Ils l’implorèrent de rester. Ils lui offrirent de l’or, de l’argent et des joyaux du dragon, mais il refusa de changer d’avis. « On verra, on verra ! dit-il. Et je pense avoir déjà mérité un peu de votre or… quand vous l’aurez. »
Sur ce, ils cessèrent de le supplier. Puis ils se dévêtirent et se baignèrent dans les eaux claires et peu profondes qui coulaient dans un lit pierreux au passage à gué. Lorsqu’ils se furent séchés au soleil, lequel brillait maintenant de tous ses feux, ils se sentirent revigorés, quoiqu’un peu affamés et encore courbatus. Ils franchirent bientôt le gué (en soulevant le hobbit) et avancèrent dans l’herbe haute et verte, entre les rangées d’arbres : des chênes aux longs bras et des ormes élancés.
« Et pourquoi l’appelle-t-on le Carroc ? » demanda Bilbo, qui marchait aux côtés du magicien.

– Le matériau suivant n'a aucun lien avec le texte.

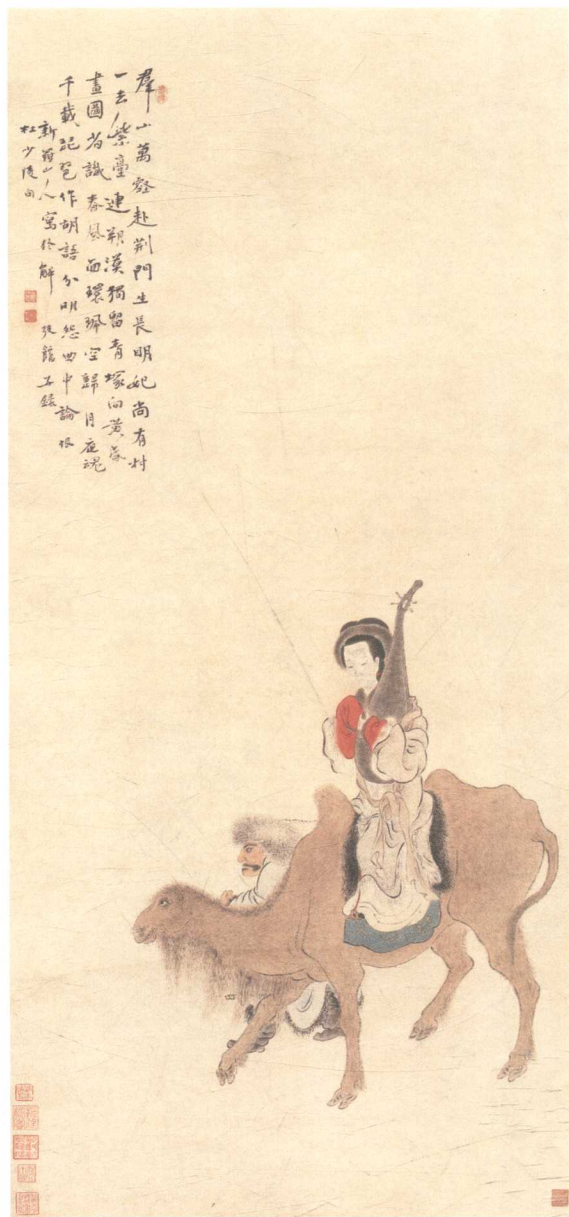
明妃出塞图 | 132.5cm × 63cm
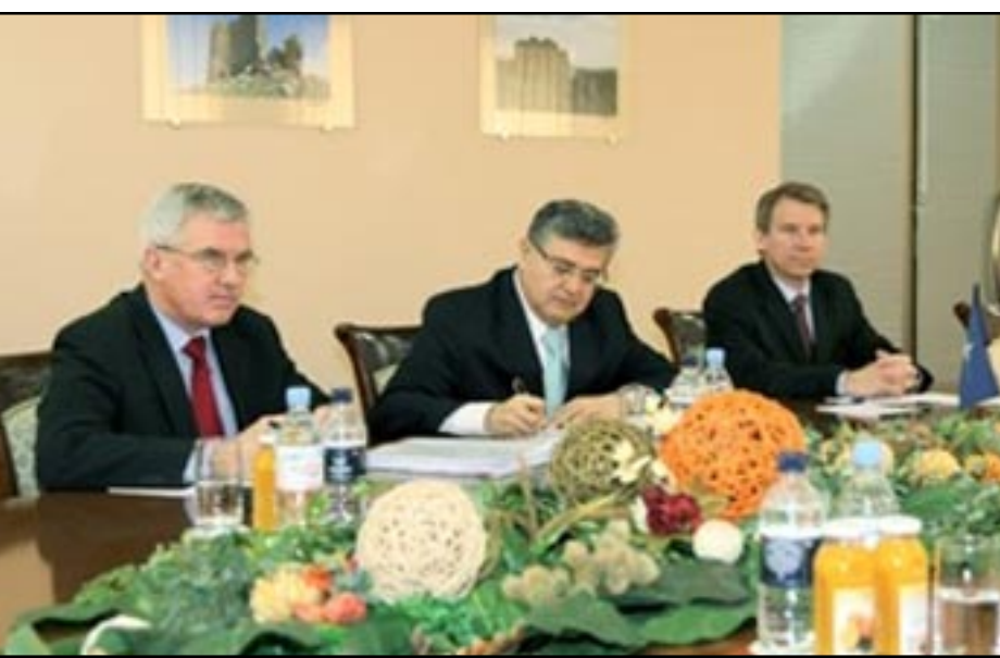
ՆԱԹՕ-ի ներկայացուցիչները Սէյրան Օհանեսանի հետ հանդիպման ընթացքին

Հայաստանի պաշտպանութեան նախարար Սէյրան Օհանեսան Փետրուար 29-ին, ընդունած է ՆԱԹՕ-ի գլխաւոր քարտուղարի օգնական, դեսպան Հուսէյն Դիրիոզի գլխաւորած պատուիրակութիւնը: ՀՀ Պաշտպանութեան Նախարարութեան մամուլի ծառայութիւնը այս կապակցութեամբ տեղեկացուց, որ պատուիրակութեան այցը կապուած է ՆԱԹՕ-ի կառուցներու համատեղ խումբի Հայաստան կատարած այցին, որ պաշտպանութեան նախարարութեան համապա-
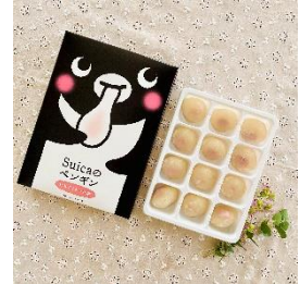
▲Suicaのペンギンいちごくりむ餅 648円(税込)
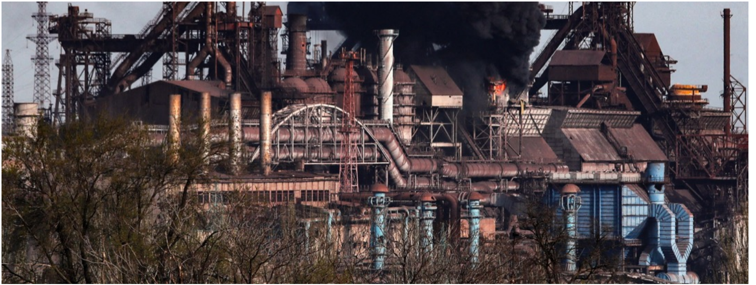
2022年4月25日，乌克兰城市马里乌波尔，持续被俄军轰炸的亚速钢铁厂冒出黑烟。
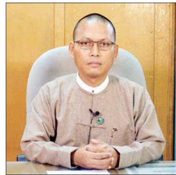
ခေတ္တဦးဆောင်ညွှန်ကြားရေးမှူးချုပ် ဦးကိုကိုနိုင်

စာအုပ်စာစောင် ထုတ်ဝေသည့်လုပ်ငန်း များတွင် ၂၀၂၀-၂၀၂၁ ပညာသင်နှစ်အတွက် အခြေခံပညာကျောင်းသုံးစာအုပ် မူလတန်း၊ အလယ်တန်း၊ အထက်တန်းအတွက် စာအုပ် ခြောက်မျိုးကို အမှာစောင်ရေ ၄၁ ဒသမ ဖြေစ သန်းခန့် ပုံနှိပ်ထုတ်လုပ်ပေးနိုင်ခဲ့သည်။
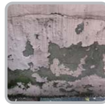
시멘트 마감처리 부분의 훼손
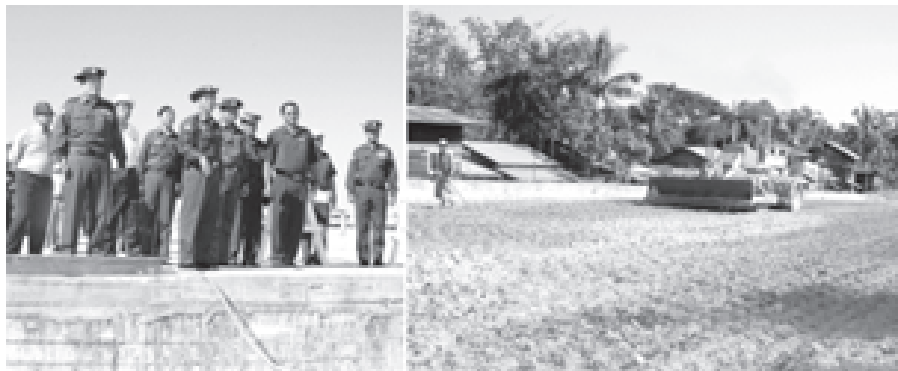
ကာကွယ်ရေးဝန်ကြီးဌာနမှ ဒုတိယဗိုလ်ချုပ်ကြီးမြင့်ဆွေ ငမိုးရိပ်တံတား(ကမာကြည်) ချဉ်းကပ်လမ်း ဖောက်လုပ်နေမှုအခြေအနေကို ကြည့်ရှုစစ်ဆေးစဉ်။

ယင်းနောက် ဒုတိယဗိုလ်ချုပ်ကြီး ရဲမြင့်သည် တန့်င်းတပ်နယ်ခန်းမ၌ တန့်င်းတပ်နယ်ရှိ အရာရှိ၊ စစ်သည်၊ မိသားစုဝင်များအား တွေ့ဆုံ၍ စိုက်ပျိုး၊ မွေးမြူရေးကို ဒေသခံ တိုင်းရင်းသား ပြည်သူများအတွက် စံနမူနာပြုဆောင်ရွက်ရေး၊ ဒေသနှင့် ကိုက်ညီမညီစပါးနှင့် အခြားနစ်ရှည်သီးနှံများကို လည်း စိုက်ပျိုးကြပေးရန် ဒေသဖွံ့ဖြိုးရေးလုပ်ငန်းများ ပိုင်းဝန်းဆောင်ရွက်ရေး မှာကြားကာ တက်ရောက်လာကြသူများအား ရင်းရင်းနှီးနှီး နှုတ်ဆက်သည်။ (သတင်းစဉ်)
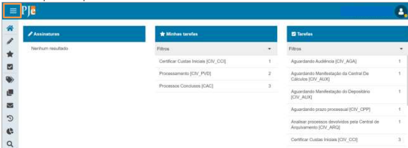
Figura 1 - Menu do PJE

Para distribuir um processo , clique no Menu do Painel do Usuário , localizado na parte superior esquerda da tela.
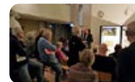
Presentatie Hooijschuur architecten
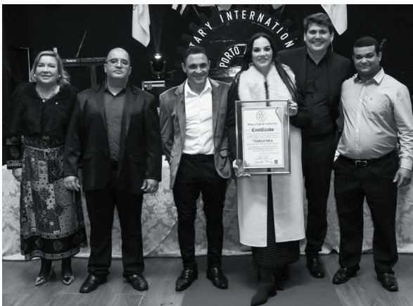
TRANSFARIA Auto Ônibus Porto Feliz Transportes e Turismo
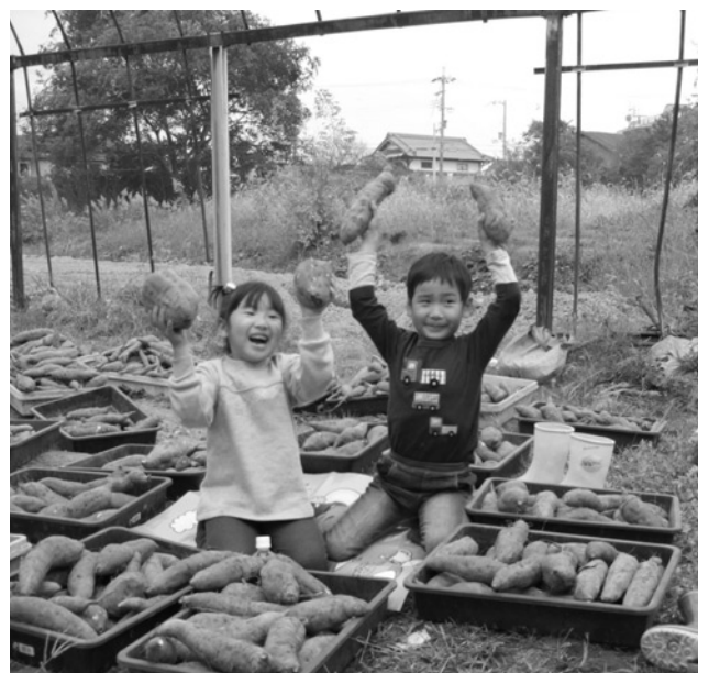
土に親しむ子ども達

る3本の畝を、2、3人です先に根元から刈り取り、その後をみんなで次々と赤紫のサツマイモを掘り出した。大きいものからこぶりのものまで、それこそ『芋ずる式』につながって出てくる。老いも若きも童心にかえってワイワイ歓声を上げながら夢中で掘ったかいあって、見る間に周り一面サツマイモで埋まった。

« Il l’a nommé Carroc, parce que c’est le mot qu’il emploie pour désigner ces choses : pour lui, ce sont des “carrocs”. Celui-ci, c’est le Carroc, parce qu’il n’y en a pas d’autre près de chez lui et qu’il le connaît bien. »
« Qui ça ? Qui le connaît bien ? »
« Le Quelqu’un dont je parlais tout à l’heure : un très grand monsieur. Vous devrez tous être très polis quand je vous présenterai. Je vais le faire progressivement, deux à la fois, je pense ; et il ne faut pas que vous le contrariez, autrement les choses pourraient mal tourner. Il peut être abominable lorsqu’il se fâche, bien qu’il soit assez gentil quand on lui fait plaisir. N’empêche, je vous préviens : il se met facilement en colère. »
Les nains s’attroupèrent autour du magicien en l’entendant parler ainsi à Bilbo. « Et c’est chez lui que vous comptez nous conduire ? demandèrent-ils. Vous ne pouviez pas trouver quelqu’un de moins soupe au lait ? Vous ne pourriez pas être un peu plus clair ? » – et ainsi de suite.
« Oui, c’est chez lui ! Non, je ne pouvais pas ! Et j’ai été très clair, répondit le magicien avec irritation. Si vous voulez tout savoir, il s’appelle Beorn. Il est très fort, et c’est un change-peau. »
« Quoi ! un fourreur, un homme qui collectionne les peaux de lapin, quand ce n’est pas pour les vendre en les faisant passer pour du renard ? » demanda Bilbo.